2008-09-16

建物は今でもシンボルなんだろうか。

world trade center
[響けブログ]という、私の別ブログで、このところ、2000年に行ったニューヨーク旅行について書いている。当時夫が撮影した入魂の写真群──なんとフィルムカメラである──と、2008撮影のGoogle Street Viewの画像を見比べながら、1つの投稿でワールドトレードセンター崩壊前後のニューヨークを同時に訪ねようという趣向だったのだが、これがどうしたことか、好評でないのか、アクセスが伸び悩んでいる。そんなことがあって、これはどうも、古い知識であり情報なんじゃないかという気がしてきた。

あながち古い話ばかりしているから、という意味ではない。ワールドトレードセンターという建物がかつてあり、その中で多くの人が働き、世界に少なからず影響を与え、そのことがまた街の一部であったという時期が、かつてあった。そしてそのような記憶が、建物そのものの記憶と分かちがたく結びついていたはずである。──この「結びついているはず」というところが古いのではないか?

実際問題として、自分でさえ、建物と物語の結びつきはかなり風化しているように思われる。建物が建っている写真を見ても、その物語や事情といったものが、思うように喚起されないのだ。──というわけでつまり、建物を単なる人工物ではなくそのような物語の一部として読み取る情報処理のようなものがわれわれの中で廃れてきているのではないか。

ただよく考えてみると、それが風化というものであって、今にはじまったことじゃないという気もする。
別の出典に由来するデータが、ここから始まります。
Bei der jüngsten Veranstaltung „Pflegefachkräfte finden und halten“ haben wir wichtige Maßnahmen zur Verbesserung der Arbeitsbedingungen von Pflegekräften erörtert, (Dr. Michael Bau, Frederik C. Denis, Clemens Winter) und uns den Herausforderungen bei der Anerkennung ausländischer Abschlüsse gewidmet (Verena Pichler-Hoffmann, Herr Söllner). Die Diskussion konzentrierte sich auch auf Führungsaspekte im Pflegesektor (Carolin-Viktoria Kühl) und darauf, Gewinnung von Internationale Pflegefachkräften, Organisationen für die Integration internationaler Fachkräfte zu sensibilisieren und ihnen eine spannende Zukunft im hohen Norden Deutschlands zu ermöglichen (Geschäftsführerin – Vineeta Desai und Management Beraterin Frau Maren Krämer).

しかしながら、それにしても早いというか、明らかにその風化はスピードアップしているのではないだろうか。そもそも9・11の報道にしてからが、今年はずいぶん地味なものだったように思う。土地や建物が蔵する物語/情報喚起力でニューヨークの摩天楼を語ることが古くさいならば、それがシリコンバレーだって同じということになるはずである。

9・11の報道も、2008年の焦点は、ずばり大統領選である。確かにこちらもまた、今に始まったことじゃないという気はするのだけれど。